Отец вздрогнул, а потом проворчал что-то насчет того, что они не имеют права…
Он обиделся.
Прямота Кевина меня ужаснула. В такие мгновения на глаза у меня наворачивались слезы от бессильной жалости к отцу, этому неполноценному деспоту, человеку, который всех изводил, но впоследствии страдал всем своим нежным, непросвещенным сердцем. Не мог я сдержать слез и тогда, когда мне приходилось делать отцу замечания по поводу фактических обстоятельств. Обычно я избегал хлопот и самодовольно наблюдал, как он одну за другой совершает кучу ошибок. Но если он впрямую интересовался моим мнением, меня охватывала грустная эйфория, в углах сжимавшейся комнаты как можно незаметней и тише принималась хлопать крыльями паника, и я называл правильное имя или точную дату. Ведь даже в те времена, в пятидесятые годы, я куда лучше него разбирался в вопросах, которые могли возникнуть в любом разговоре.

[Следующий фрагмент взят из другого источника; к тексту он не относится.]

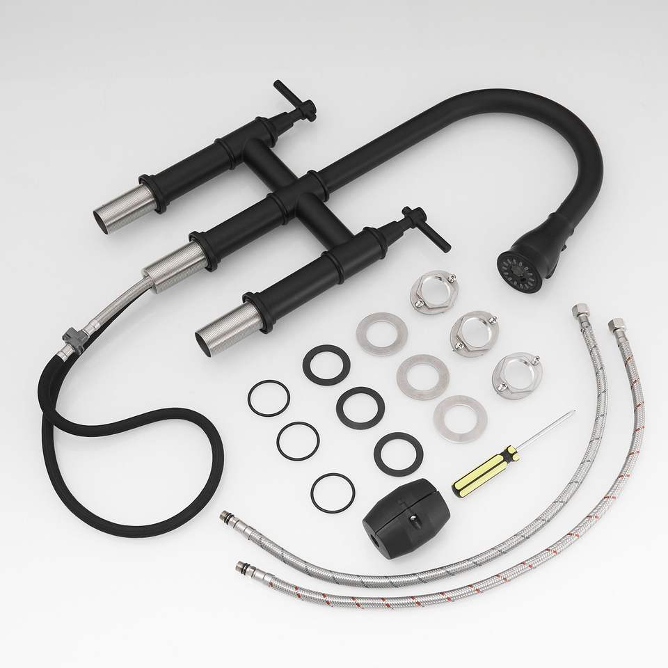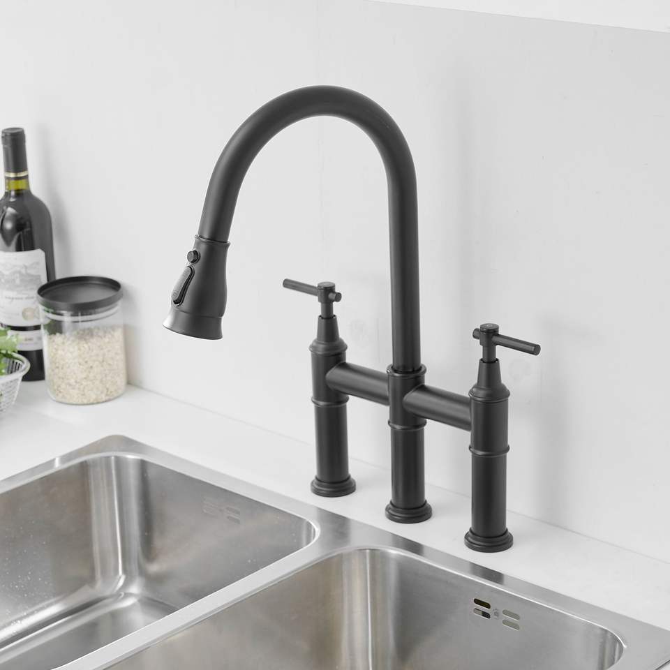DB Modern 8-Inch Double Handle Brushed Nickel Deck Mounted Kitchen Faucet Pull Down Spray Stainless Steel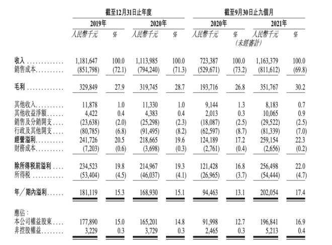 而根據(jù)招股書(shū),2019年、2020年及2021年前九個(gè)月,楊國(guó)福收入分別達(dá)到11.82億元、11.14億元和11.63億元,同期利潤(rùn)分別達(dá)到1.81億元、1.69億元和2.02億元;同期毛利率為分別為27.9%、28.7%和30.2%。
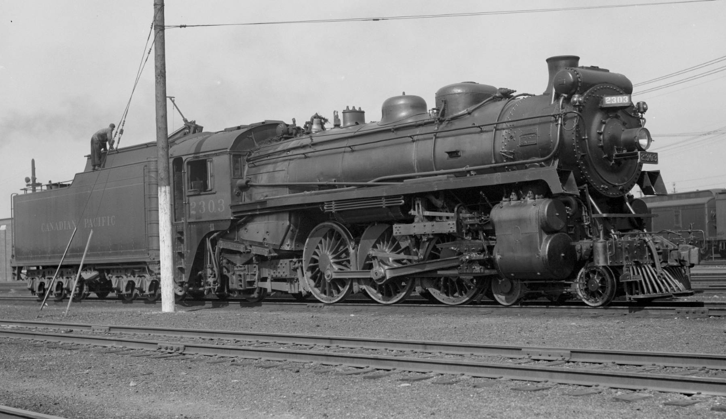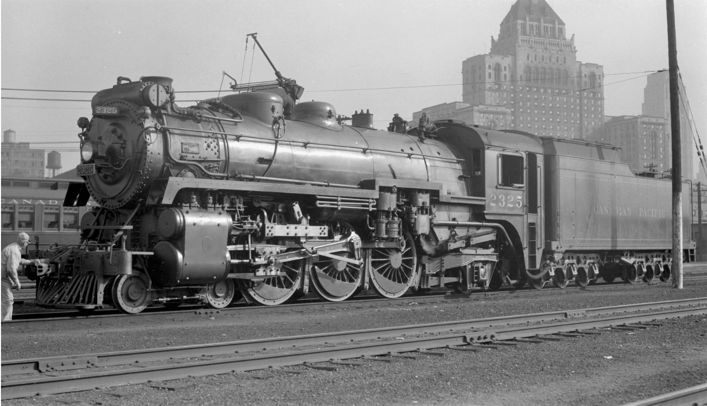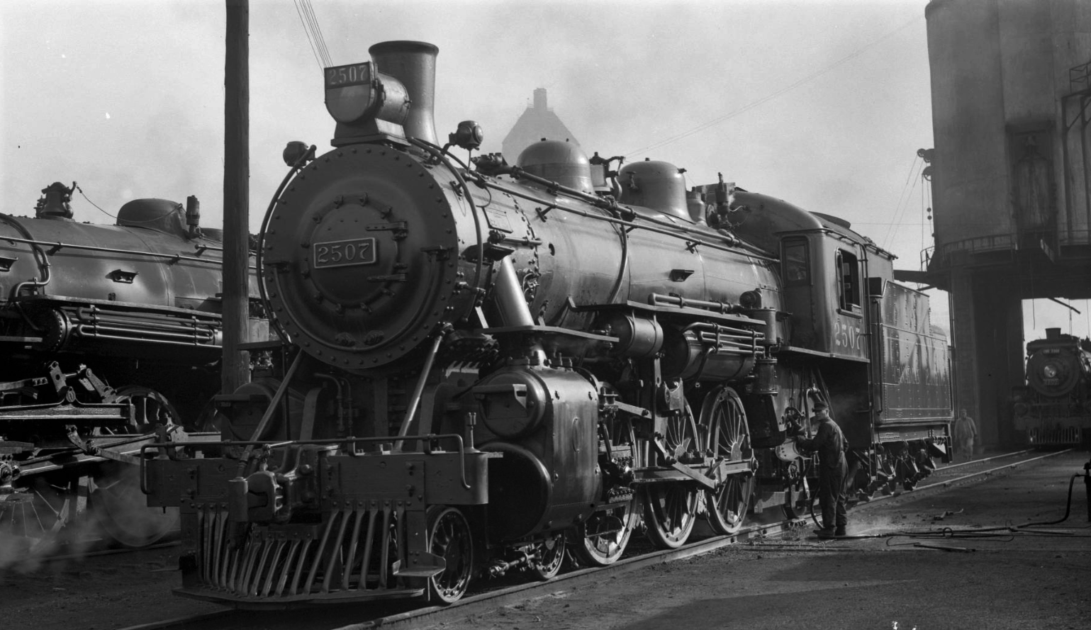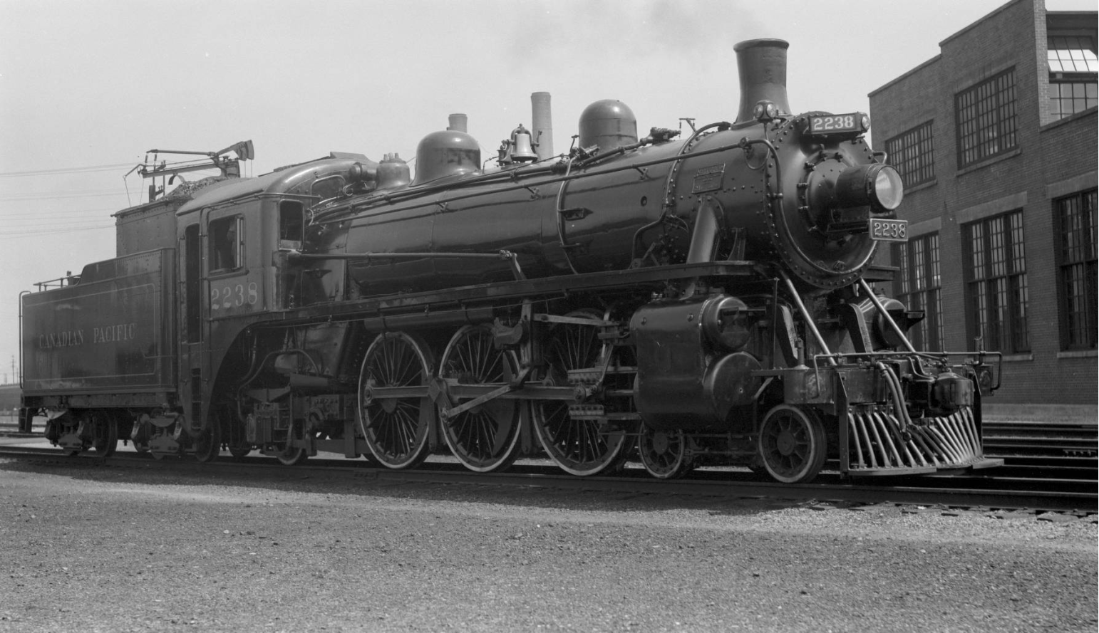 At the time of his visit, the John Street Roundhouse was brand new and had only been in operation for three years. Perry’s style was something that’s now known among railfans as the “roster shot”; typically a 3/4 wedge or side shot where a piece of railway equipment – usually a locomotive – takes up most or all of the frame. The locomotives were Perry’s primary interest here, and this gives us a glimpse at what a typical day looked like for workers at the John Street Roundhouse in its first few years of operation. These photos were taken at a time when diesel locomotives hadn’t yet appeared in Toronto, and even some of Canadian Pacific’s largest steam locomotives hadn’t been built yet. In the background of each image you can often see some recognizable landmarks – the coaling tower, the Royal York Hotel, and the roundhouse itself all make appearances.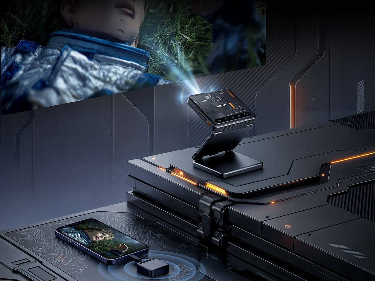 Circuit-board texturing runs across the matte black chassis, orange accent lighting traces the fold lines, and the entire device collapses down to pocket size without losing any of the visual intensity. This one was designed for people who buy gadgets the way sneakerheads buy limited drops. The Cyber Edition shares the same core DNA as the standard ZIP: a tri-fold DLP projector measuring 3.31 x 3.07 x 1.02 inches when folded, powered by a 5000mAh battery good for about 90 minutes of runtime.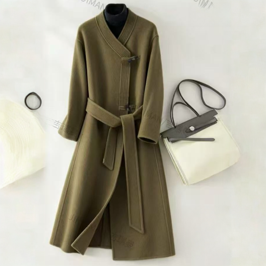 时尚 毛呢外套韩版 秋冬中长款 高级感驼色双面羊毛大衣男女同款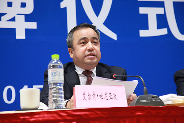 艾尔肯•吐尼亚孜在讲话中指出,高等教育作为推动经济社会发展的重要力量,作为科技第一生产力和人才第一资源的重要结合点,其发展水平和质量决定着人才的创新创造能力,决定着新疆能否实现科学跨越、后发赶超,与全国同步建成小康社会目标。他希望,面对新时期新阶段丝绸之路经济带核心区建设的重大历史机遇,克拉玛依校区传承发扬优良办学传统,努力把学校建设成为环境优美、理念先进、模式创新、特色鲜明的高水平大学,为新疆高等教育事业发展及“教育强区、人才立区”战略的实施提供有力支撑。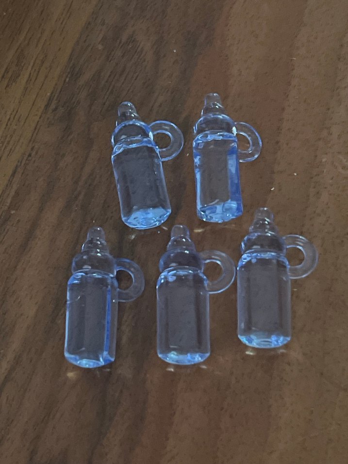 Beş adet küçük, renkli mavi bebek biberonu halkalı ve şeffaf malzemeden yapılmıştır.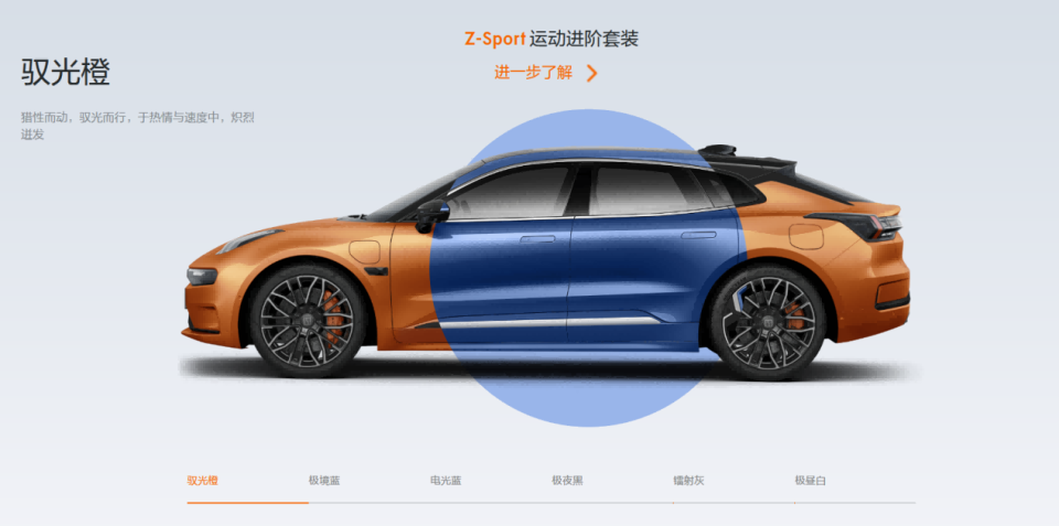 2023款ZEEKR 001共有6种外观配色,分别为极昼白、镭射灰、极夜黑、电光蓝、极境蓝、驭光橙,其中驭光橙、极境蓝、极夜黑为新增的三种颜色。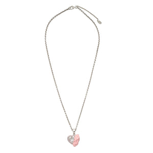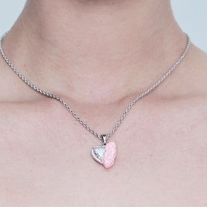 SELL WITH USLove, chewed up and made beautiful. The Heart Necklace | Pink by TAL MASLAVI reimagines romance through a surrealist lens - where sweetness meets decay, and sparkle meets satire. Crafted from 925 sterling silver coated in rhodium, the pendant features a transparent heart-cut zirconia framed by blush pink pavé stones, partially engulfed in sculpted, glossy pink enamel gum.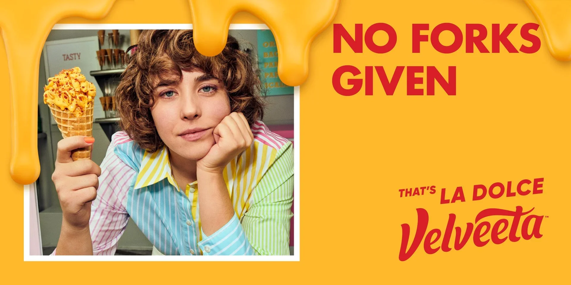"La Dolce Velveeta" : Inspired by the Italian concept of La Dolce Vita, the strategy was to treat Velveeta not as food, but as a "high-fashion" lifestyle. If we treat a $5 block of cheese with the same decadence and swagger as a Gucci campaign, we create a "surround sound" of irony and desire that captures cultural attention.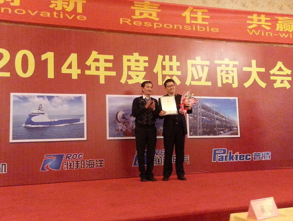 新年伊始,南通润邦海洋工程装备有限公司2014年度供应商大会在江苏南通隆重举行,来自全国各地的150家供应商二百余名代表, 润邦股份董事长、总裁及相关负责人参加了此次盛会。在当晚最受瞩目的2014年度优秀供应商颁奖环节,利星行机械(上海)有限公司不负众望地获得了南通润邦海洋工程装备有限公司“2014年度优秀供应商”荣誉称号,利星行机械船舶动力部销售总经理洪波先生代表公司接受了这份荣誉并对进一步加强双方合作和共同捕捉商业机会进行了展望。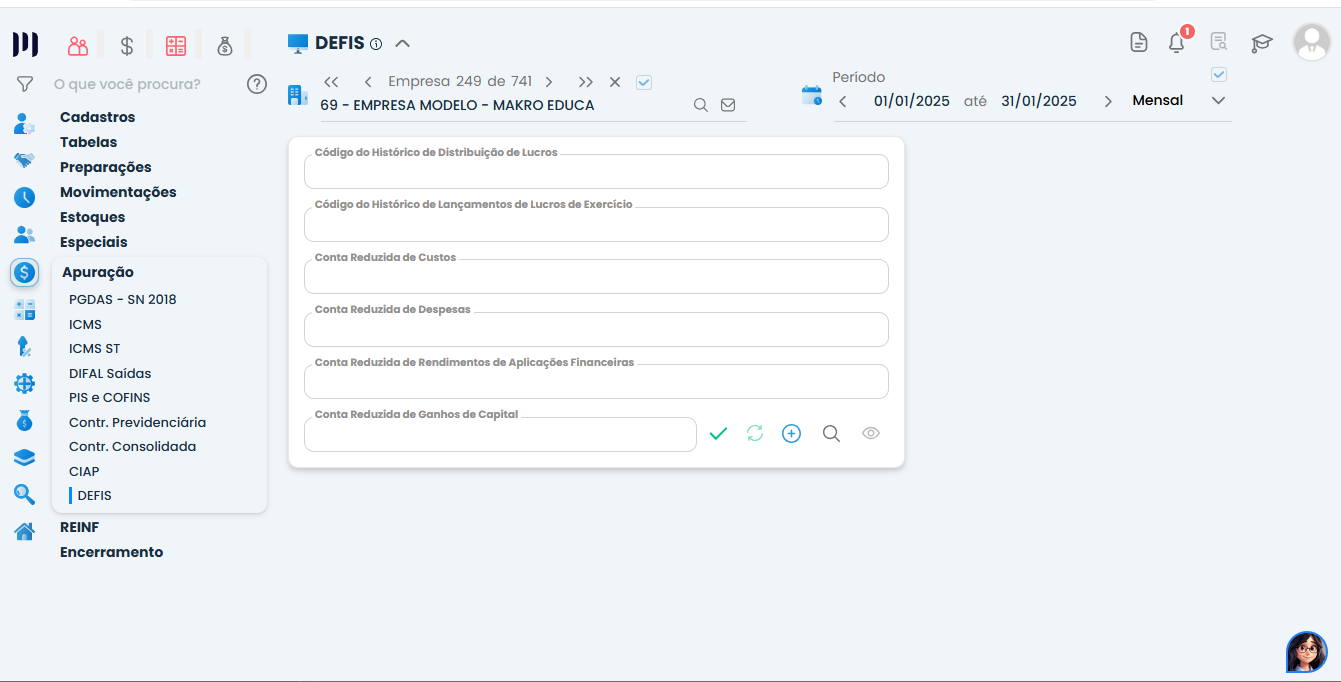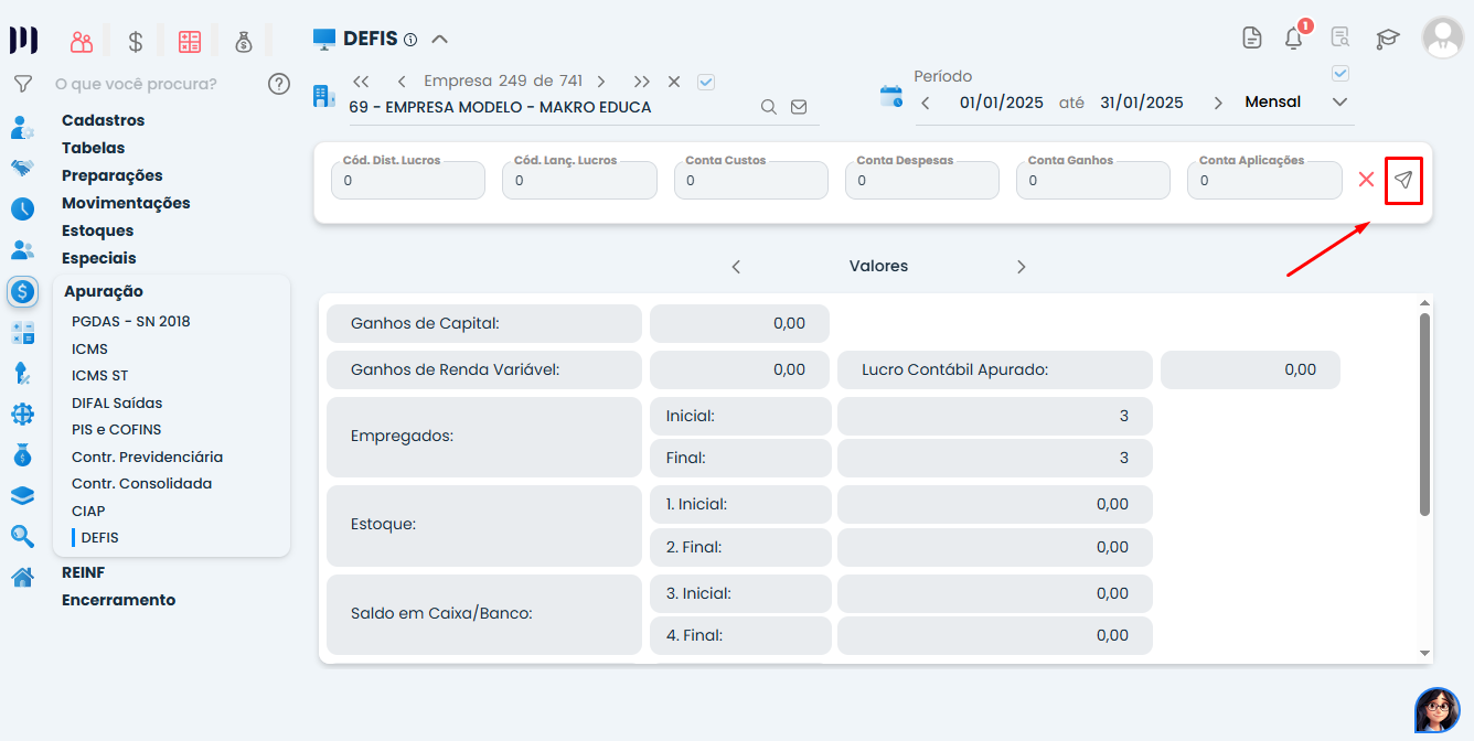 Fiscal > Apuração > DEFIS - Preencha os campos obrigatórios:

Но знание не было силой. Именно отец был человеком, наделенным силой, деньгами, правом читать за обедом газету, пока мы с мачехой смотрели на него в полном молчании; именно у него было тридцать сшитых на заказ костюмов и двадцать начищенных пар обуви, у него были накрахмаленные белые рубашки и галстуки от „Графини Марии“, он владел двумя „Кадиллаками“, которые дожидались его в гараже, сочась маслом, образовавшим на бетонном полу очертания черного Сатурна с его серыми пятнами спутников. Именно его могущество ошеломляло меня и заставляло считать мои знания не более чем одаренностью на случай званого обеда, во время которого он мог бы выставить ее напоказ („Спросите нашего юного друга, он читает книжки и знает наверняка“). Тогда почему из-за его нерешительности у меня на глаза порой наворачивались слезы? Может, меня огорчало то, что он не обладал всем, абсолютно всем, или то, что сам я ничем не владел? Возможно, несмотря на свою робость, я вел с ним борьбу. Быть может, я хотел причинить ему боль, потому что он меня не любил?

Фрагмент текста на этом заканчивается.